Sixpence None the Richer is an American pop/rock band formed in New Braunfels, Texas in 1992. The group disbanded in 2004 and reunited in 2007. Its current members are vocalist Leigh Nash, guitarist/cellist Matt Slocum, and bassist Justin Cary.To date, the group has released 6 full-length albums:
The Fatherless and the Widow (1994)
This Beautiful Mess (1995)
Sixpence None the Richer (1997)
Divine Discontent (2002)
The Dawn of Grace (2008)
Lost In Transition (2012)
Tropes that apply to Sixpence None the Richer include:
Black Sheep Hit: The band doesn't hate "Kiss Me", but it does stand in stark comparison to most of what came before it.
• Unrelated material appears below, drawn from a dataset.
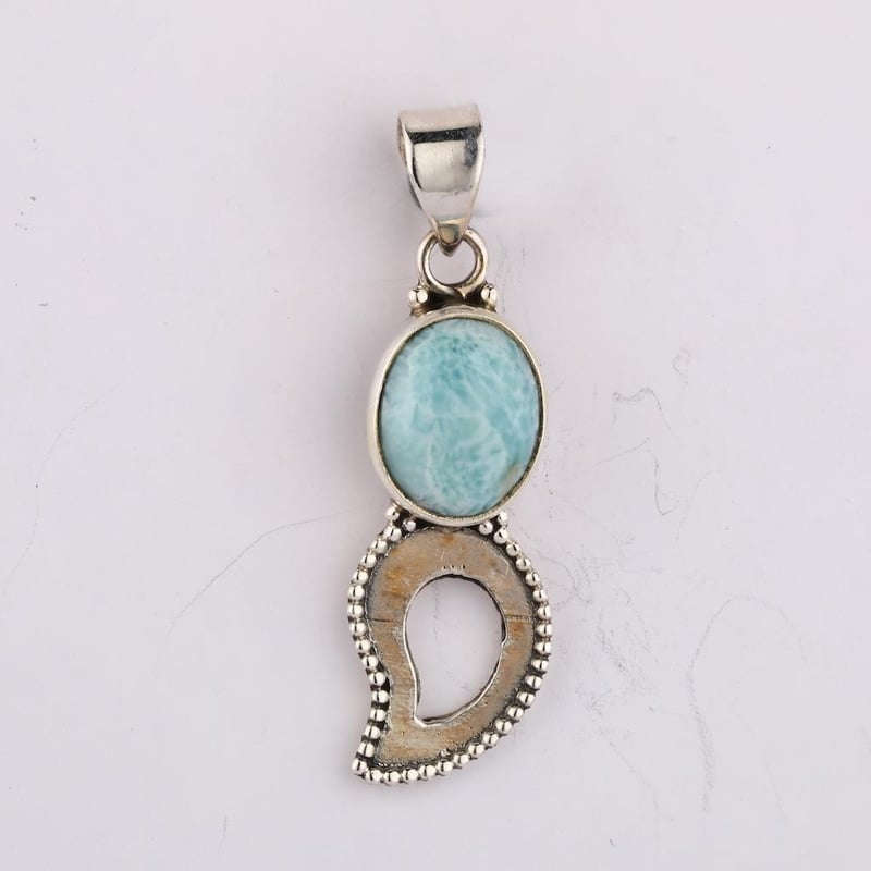 Larimar Elegance in Silver: Exquisite 925 Silver Pendant

Bowdlerise: The original version of "Amazing Grace (Give It Back)" found on the My Dear Machine EP has this to say about God: "You're everywhere in every time/And yet you're so damn hard to find." The re-recorded version for Lost in Transition changes it to "And yet you're always hard to find".
The Cover Changes The Gender: Averted by "There She Goes", where it's still a "she" despite a woman singing it. (However, depending on your interpretation, the song may not have been written about a woman to begin with.)
Creator Breakdown: Getting jerked around by a record label in the process of going out of business provided a lot of songwriting fuel for their self-titled album. That album's opening trilogy and "The Lines of My Earth" are especially notable, making it sound as if the band was about ready to pack it in.
Darker and Edgier: This Beautiful Mess deals rather unflinchingly with depression in many of its tracks.
Executive Meddling: A brief overview of their career would go something like this: Sign to a fledgling record label. Record two albums. Get stuck in a dead-end contract when that label goes belly-up. Sign to another promising young record label. Record two more albums. Get stuck in another dead-end contract, despite a mainstream hit single and a few modest follow-ups. Break up. Pursue a few solo projects that go nowhere. Get back together. Sign to yet another small record label. Record an album, only for the label to delay its release for several years, forcing you to eventually release it on your own.
Face of the Band: Leigh Nash, though up until the last few albums, she's been more of a mouthpiece for Slocum's songwriting than a creative force unto herself.
Fading into the Next Song: The self-titled album has two "trilogies", so to speak, that do this: The opening "We Have Forgotten"/"Anything"/"The Waiting Room" and the "Sister Wisdom Trilogy" consisting of "Sister Mother", "I Won't Stay Long", and "Love".
Follow Up Failure: Sort of an enforced aversion. "Kiss Me" was the only hit single from the original version of the album Sixpence None the Richer. In its wake, none of the other tracks from that record were even considered, apparently, since the band's next single was their newly-recorded cover of "There She Goes", which got tacked onto later releases of the album.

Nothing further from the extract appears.